Imaging features: 2D central slices were created to include details about the structure shape, size, and imaging biomarkers in modelling. The central slice was defined as the CT slice with the highest number of tumour pixels on the z-axis. Each structure binary mask was overlaid on the CT image to select the pixel values of the central slice. The Hounsfield Units (HU) representing pixel values inside the structure were selected, while pixel values surrounding the structure were replaced by zeros.

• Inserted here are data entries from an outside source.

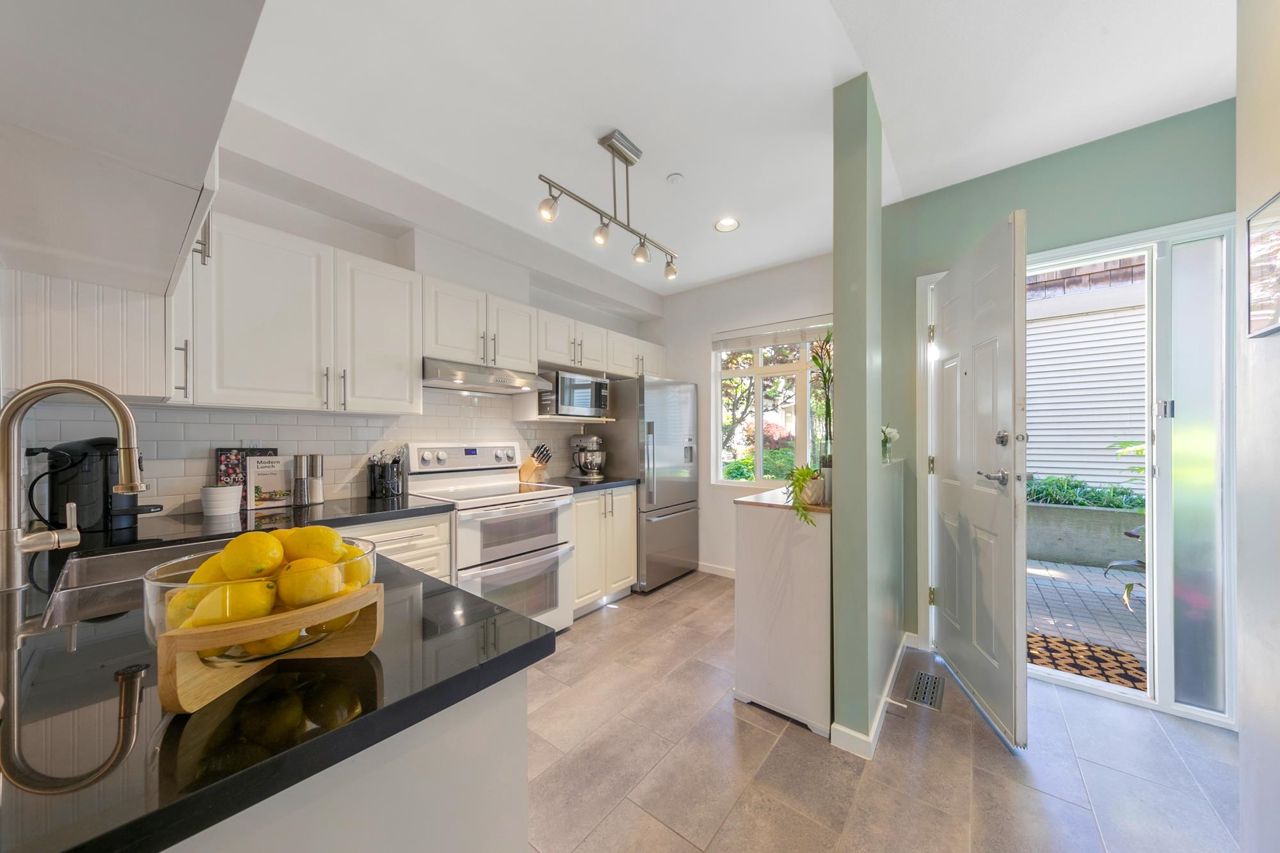 Welcome to Lighthouse Terrace on charming waterfront village located in the serene neighbourhood of Fraserview. This townhome offers1424 SF of living space that is bright & inviting. Features 8.5 ceilings, 3 bdrms, 2.5 bath, kitchen with upgraded granite countertops, spacious living/dining room with gas fireplace, updated vinyl floors & light fixtures, fenced garden patio & built in storage. The 2nd floor features 2 well sized bedrooms & a full bathroom. The master bdrm is on the 3rd level with stylish vaulted ceilings, sizeable ensuite & a private, enclosed rooftop deck. Basement provides direct access to your 2 parking & storage area with built-ins.Conveniently close to the Riverfront Park, trails, golf courses, tennis courts and to Canada Line skytrain. Open House May 20 & 21 CANCELLE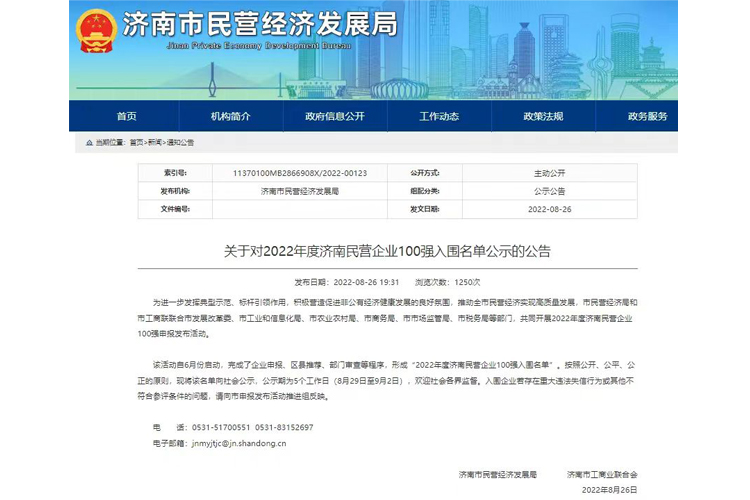 为进一步发挥典型示范、标杆引领作用,积极营造促进非公有经济健康发展的良好氛围,推动全市民营经济实现高质量发展,市民营经济局和市工商联联合市发展改革委、市工业和信息化局、市农业农村局、市商务局、市市场监管局、市税务局等部门,共同开展2022年度济南民营企业100强申报发布活动。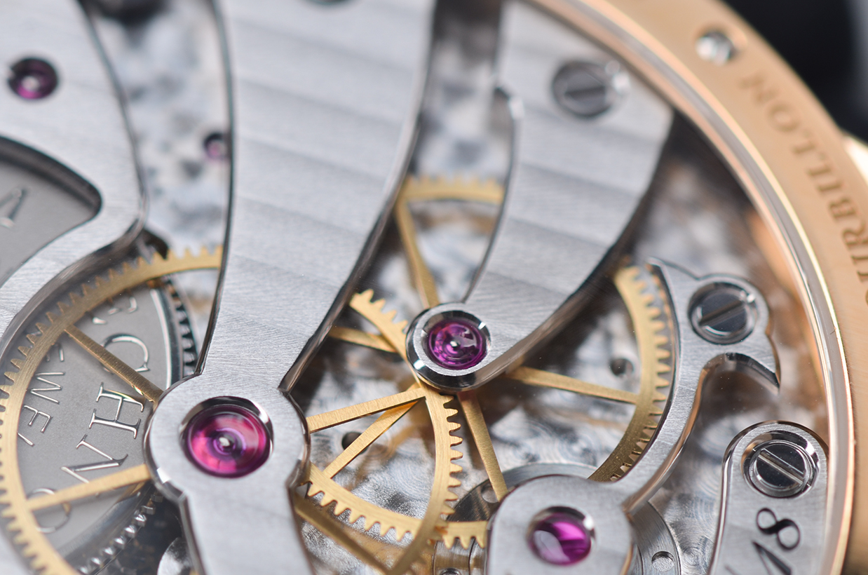 鎏金系列限量版玫瑰金蓝色大明火珐琅盘陀飞轮手上链男表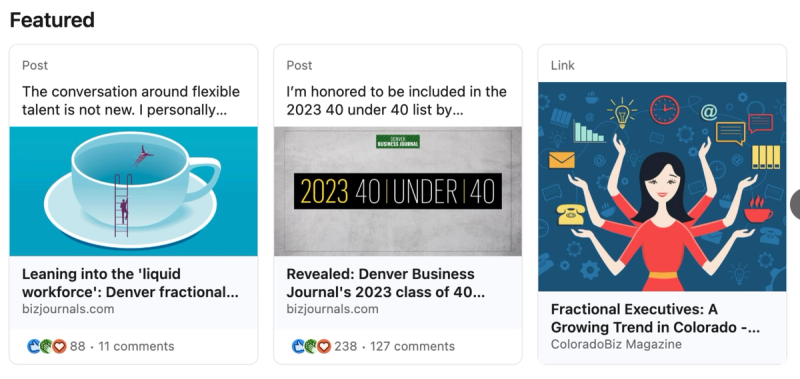 The Featured section allows you to showcase videos, articles, LinkedIn posts, or images that build your credibility.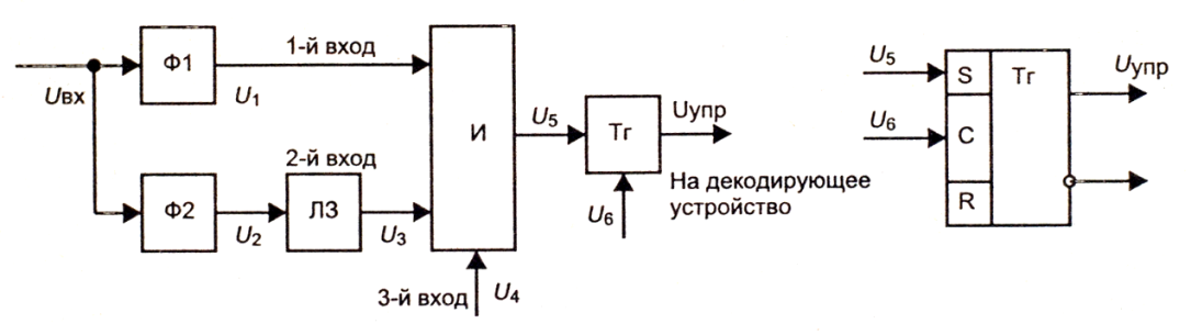 Рис.3.15. Упрощённая функциональная схема системы ЦС по полям: Ф1, Ф2 – фильтры; ЛЗ – линия задержки; «И» - схема совпадения И; Тг – триггер.

Geometry features: Positional features were extracted to include details of the position of each volume. The coordinates of the centroid of the 3D volume were calculated and included as features. For each structure, the magnitude of the vectors connecting the centroid of the structure to the point (0, 0, 0) in the three-dimensional space were calculated. The directions over each axis (cosine angles) of the magnitude vector were also calculated. The index of the central slice over the z-axis was also included. Finally, the number of voxels representing the structure was included. In total, nine positional and volumetric features were used: x, y, and z coordinates of the centroid; cosine angles on each dimension of the magnitude vector connecting (0, 0, 0) to the centroid; magnitude; number of voxels; index.
Dosimetry features: A total of 10 dosimetry features were calculated for each structure: minimum dose, median dose, mean dose, maximum dose, V%20.0, V%10.0, V%5.0, V%95.0, V%105.0, V%110.0, and D50.0, where Vx is the dose received by x% of the volume and Dy is the volume receiving at least y% of the prescription dose.
3.3. Datasets Generation and Pre-Processing
Five datasets were created from the original cohort; the first four represented different subsets of volumes and the last one represented the whole list of volumes. The categories of the classes used in each study are summarised in
Table 2 (further details in
Supplementary Materials S1). The first dataset represents a case study where OARs were targeted for standardisation. In other words, if methods have already been prepared to standardise all/some of the other categories (TV, nodes TV), there is no need to utilise a full model. With Dataset5, it was assumed that no subsets have been standardised and there is a need to identify any possible volume in the patient radiotherapy plan.
To build ML models, the datasets were partitioned into training, validation, and test samples. The training dataset was used to train the algorithm. The validation dataset was used to track the model performance and to avoid overfitting. The test dataset was used to evaluate the performance of the developed model on unseen samples.
The original dataset consisted of 1613 patients; 173 patients were selected as the test dataset, while 1440 patients were used for training and validating the ML algorithms. The number of classes varied per patient. We targeted the selection of a stratified cohort, where at least 10% of each class will be obtained in the test cohort in each study, e.g., the total number of patients with internal mammary lymph node (imc) PTV volumes was five, one sample was guaranteed for testing. In addition, for all the datasets, the same 173 patients were used for evaluation.
ANNs are known to perform better with smaller ranges. Three types of features were tabular, and one was image data (central slices). Text, dose, and geometrical features were normalised into smaller ranges (between 0 and 1). As mentioned earlier, the pixel values in the imaging data were described in HU. For image data, lower (−255) and upper (+255) HU bounds were applied over each pixel value in the central slices. The central slices were then resized into 64 × 64 before being mapped into values between 0 and 1. Values surrounding the structure were reserved as 0 without being altered in the normalisation process.
While labelling the patients datasets, it was noticed that a class might occur one or more times in each plan, e.g., a patient might have a structure named ctv42.4 and another structure named ctv_l_breast. The two structures will be interpreted as left_breast_ctv, however, one will be selected as final. In real case scenarios, this kind of situation is expected. For this reason, we removed the duplicates/alternatives from the training dataset (to explicitly train the model to detect similar patterns in new datasets), but for evaluation purposes we introduced two datasets:
Original test dataset: consists of the final selected structures by the clinicians.
Extended test dataset: consisted of all the structures in the dataset, with the final being flagged.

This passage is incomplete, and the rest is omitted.